O que fazer com a recria excedente?
Outro ponto importante a ser discutido é o que fazer com a recria excedente. A primeira coisa que devemos fazer é tratá-la como uma atividade diferente da produção de leite pelas razões já citadas. Visto isso, poderemos analisar se faremos ou não a recria de todas as fêmeas nascidas na fazenda. Importante é que com a análise feita dessa maneira poderemos tomar essas decisões conscientes de que a recria de animais excedentes é uma alternativa, mas que a produção de leite independe dessa decisão.
A recria dos animais excedentes pode ser uma ótima alternativa de negócio e temos visto fazendas que fazem dessa oportunidade um grande diferencial financeiro em seu negócio. No entanto, gostaríamos de alertar para a não generalização dessa estratégia, pois temos viso por outro lado produtores que apertam seu fluxo de caixa para investir em recria de animais excedentes e com isso passam grandes apertos financeiros, muitas vezes recriando animais, que por falta de uma boa estratégia, trarão um lucro que não remunera as oportunidades perdidas pela falta de recurso no caixa.

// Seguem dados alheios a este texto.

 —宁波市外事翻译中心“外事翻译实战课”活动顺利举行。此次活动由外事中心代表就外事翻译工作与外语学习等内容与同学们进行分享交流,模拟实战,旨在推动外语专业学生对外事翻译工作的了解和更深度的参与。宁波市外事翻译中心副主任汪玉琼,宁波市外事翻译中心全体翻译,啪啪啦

A estratégia de recriar os animais excedentes será boa quando a fazenda responder às seguintes perguntas:
- Tenho uma taxa de reposição baixa e uma quantidade de fêmeas nascidas na fazenda que permitem que eu, realmente, tenha fêmeas excedentes no sistema de produção?

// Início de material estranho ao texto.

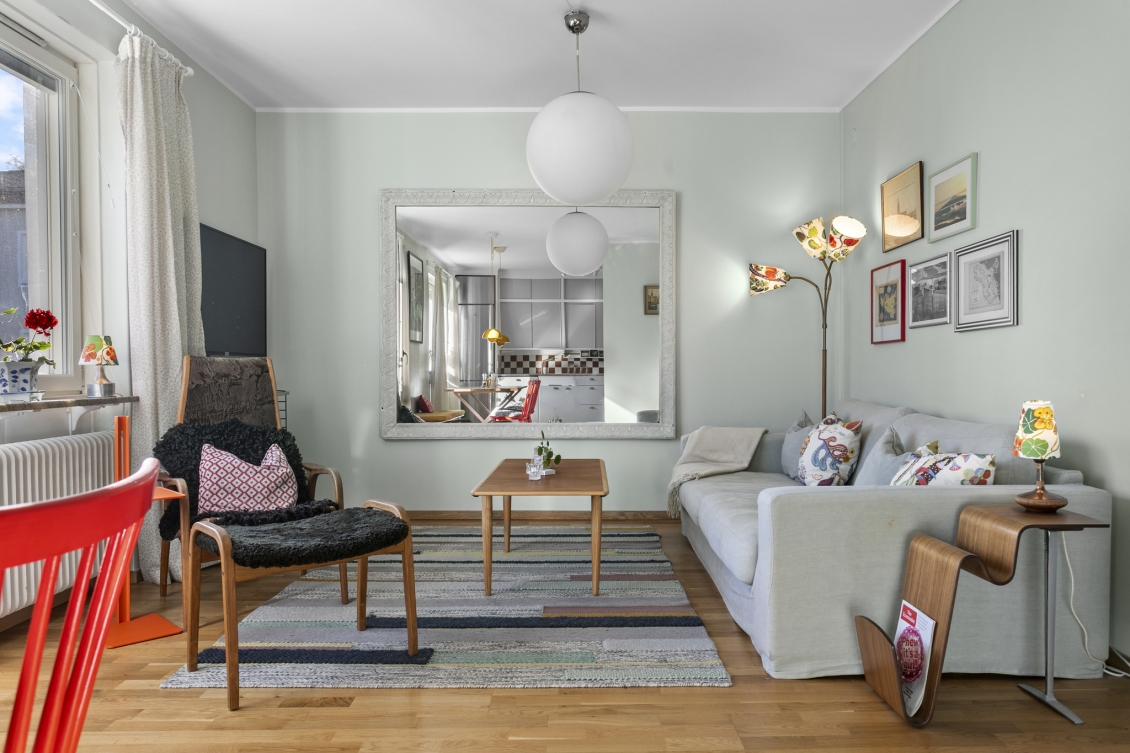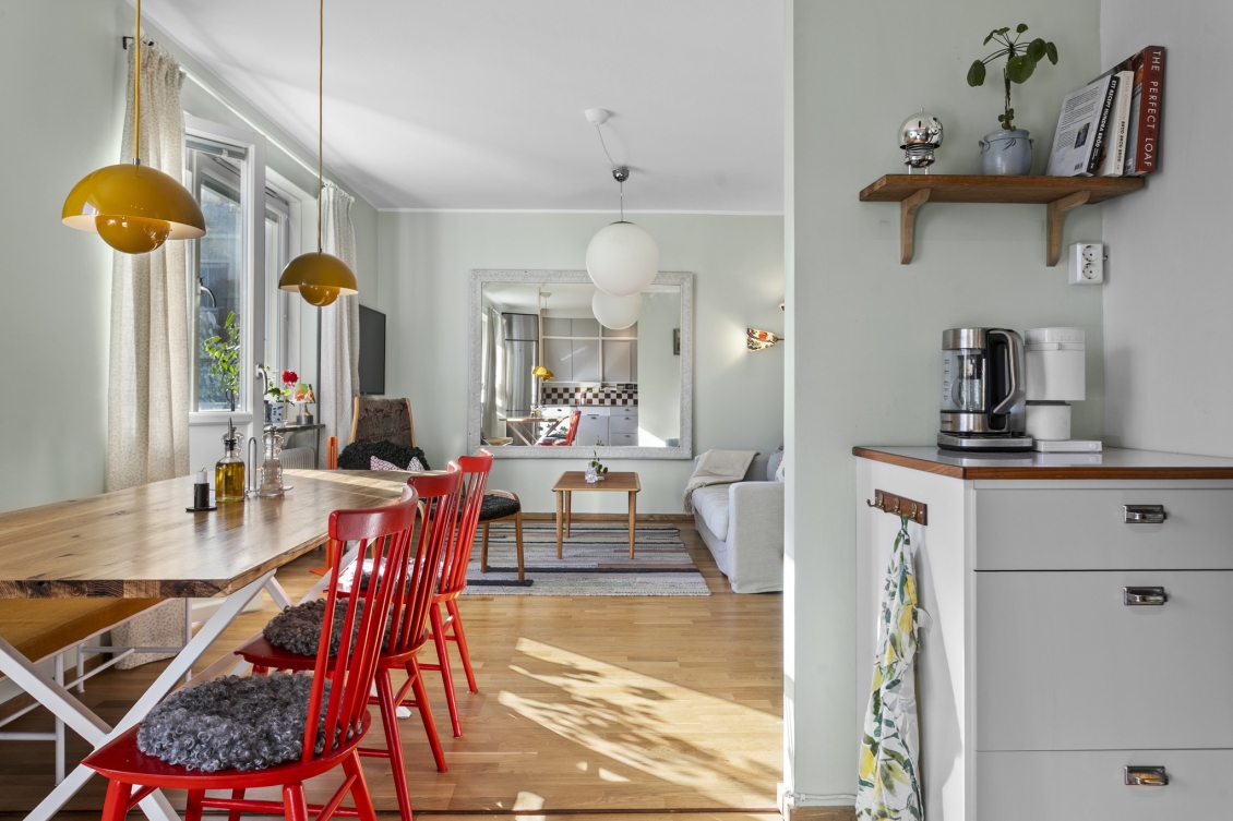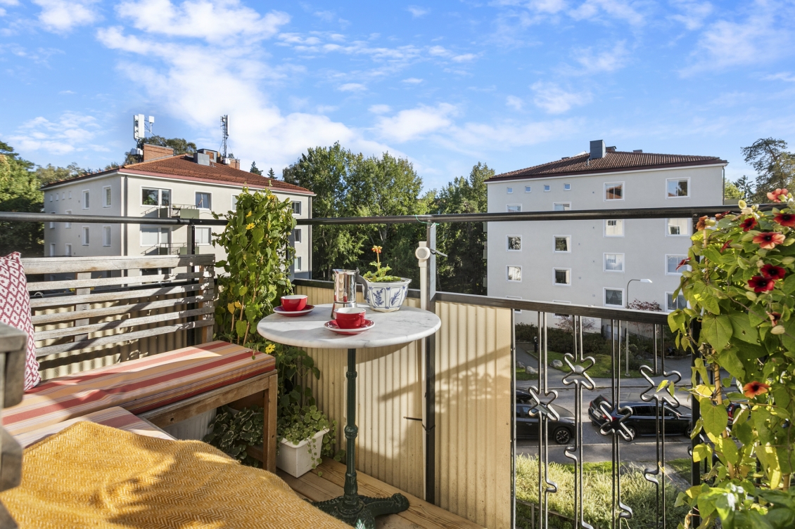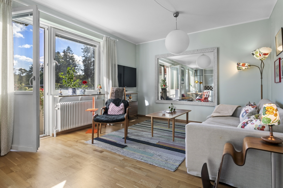 Välkommen till denna ljusa och trivsamma 2:a i gavelläge, högt upp i huset med soldränkt balkong och härliga vyer. Skuldfri förening med mycket låg avgift. Bostaden ligger på en lugn återvändsgata i trevliga kvarter och erbjuder möjligheten att skapa ett fantastiskt hem där du själv kan välja vilka tidstypiska detaljer du vill bevara. Bostaden disponeras med ett charmigt kök från 50-talet med överskåp i vinkel och nyare vitvaror, stambytt badrum från 2007 i vitt och grått med dusch och tvättmaskin, stort sovrum med en inbyggd garderob samt en stor hall med klädkammare. Till bostaden hör ett förråd.

- O fluxo de caixa permite que eu use parte do lucro do leite para investir em recria de animais excedentes?
- Conheço o custo da novilha ao parto para que possa verificar qual o lucro será obtido ao vender um animal excedente?

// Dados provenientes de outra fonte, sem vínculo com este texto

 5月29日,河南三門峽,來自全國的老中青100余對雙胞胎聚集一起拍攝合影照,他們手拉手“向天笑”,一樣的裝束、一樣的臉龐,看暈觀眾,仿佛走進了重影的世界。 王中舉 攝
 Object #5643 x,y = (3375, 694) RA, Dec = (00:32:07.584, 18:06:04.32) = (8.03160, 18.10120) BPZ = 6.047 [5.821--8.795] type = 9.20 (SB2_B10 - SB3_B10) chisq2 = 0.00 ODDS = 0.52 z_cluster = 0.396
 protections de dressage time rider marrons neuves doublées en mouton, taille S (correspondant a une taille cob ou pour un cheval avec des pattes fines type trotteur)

- O lucro obtido remunera o custo de oportunidade do dinheiro investido na recria desses animais?
Realmente, acreditamos que a recria de animais excedentes pode ser uma ótima oportunidade de negócio. O que nos preocupa é que temos visto produtores ficando apertados no fluxo de caixa para recriar 100% das fêmeas nascidas porque não responderam as perguntas acima.
Dicas para reflexão sobre sua gestão da reposição de vacas
• Separe os centros de custo produção de leite e recria e, com isso, controle o custo de produção do leite e o custo de uma novilha ao parto.
• Conheça sua taxa de reposição e calcule o custo de depreciação de suas vacas. Ele é, muitas vezes, o segundo maior custo do seu negócio.
• Busque estratégias para reduzir o custo de depreciação.
o Cuide do valor inicial das vacas através do gerenciamento do custo de recria ou de uma boa política de compra de animais.
o Reduza da taxa de reposição através do bom gerenciamento das causas de descartes.
o Agregue valor às vacas descartadas através da redução das mortes e descartes involuntários e de uma bóia estratégia de vendas voluntárias.
• Defina sua estratégia em relação aos animais excedentes tratando isso como uma decisão de negócio. Recriá-las ou vendê-las logo após o parto pode ser a decisão correta dependendo de sua situação e das respostas a algumas perguntas já apresentadas.